* bug#61005: 28.1.91; Encoding not detected in HTML files inside archives
@ 2023-01-22 13:13 Benjamin Riefenstahl
2023-01-22 13:24 ` Benjamin Riefenstahl
0 siblings, 1 reply; 3+ messages in thread
From: Benjamin Riefenstahl @ 2023-01-22 13:13 UTC (permalink / raw)
To: 61005
[-- Attachment #1: Type: text/plain, Size: 483 bytes --]
Problem
----
* Given an HTML file with charset "windows-1255".
* Opening the file from disk detects the encoding correctly.
* Opening a ZIP archive with the same file inside and than opening the
HTML archive member does not detect the encoding, instead the coding
system for saving is the default according to M-x
describe-coding-system.
Attached are two files test.html and test.zip. Call "emacs -Q test.html
test.zip" and press RET on the archive member to reproduce.
[-- Attachment #2: test.html --]
[-- Type: text/html, Size: 172 bytes --]
[-- Attachment #3: test.zip --]
[-- Type: application/zip, Size: 279 bytes --]
[-- Attachment #4: Type: text/plain, Size: 5626 bytes --]
Solution
----
The problem seems to be the function
sgml-html-meta-auto-coding-function. It is missing a condition similar
to the one added to code in sgml-xml-auto-coding-function with commit
#df7ed10e in 2018.
modified lisp/international/mule.el
@@ -2539,6 +2539,10 @@ sgml-html-meta-auto-coding-function
(bfcs-type
(coding-system-type buffer-file-coding-system)))
(if (and enable-multibyte-characters
+ ;; 'charset' will signal an error in
+ ;; coding-system-equal, since it isn't a
+ ;; coding-system.

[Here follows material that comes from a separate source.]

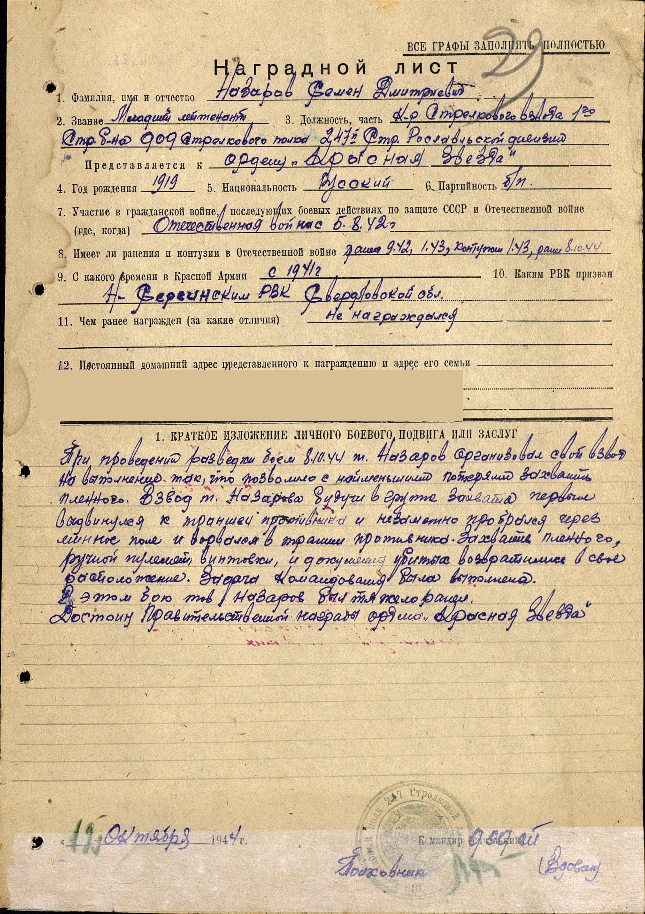 1944 году был командиром взвода 909 стрелкового полка 247 стрелковой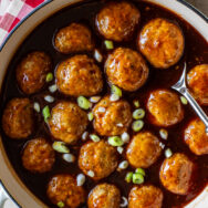 Preheat oven to 400 degrees. Line an extra large baking sheet with parchment paper. Set aside .In a large bowl, combine all ingredients for meatballs and gently mix together. Do not over mix. Use a 1 1/2-inch scooper and scoop meatballs and place on prepared sheet. I like to use a heaping scooper full and I average about 18-20 meatballs.Bake for 15-18 minutes until lightly browned. Remove from oven and add to sauce. Turn the skillet on low and toss the meatballs until they're all nicely coated. Cook until the sauce is warm.I love to garnish the meatballs with sliced green onions and serve top some jasmine rice.

So test that up front.
+ (not (equal sym-type 'charset))
(coding-system-equal 'utf-8 sym-type)
(coding-system-equal 'utf-8 bfcs-type))
buffer-file-coding-system
I will send this as a patch as soon as I have a bug number to mention in
the commit message.
----
In GNU Emacs 28.1.91 (build 1, x86_64-pc-linux-gnu, GTK+ Version 3.24.24, cairo version 1.16.0)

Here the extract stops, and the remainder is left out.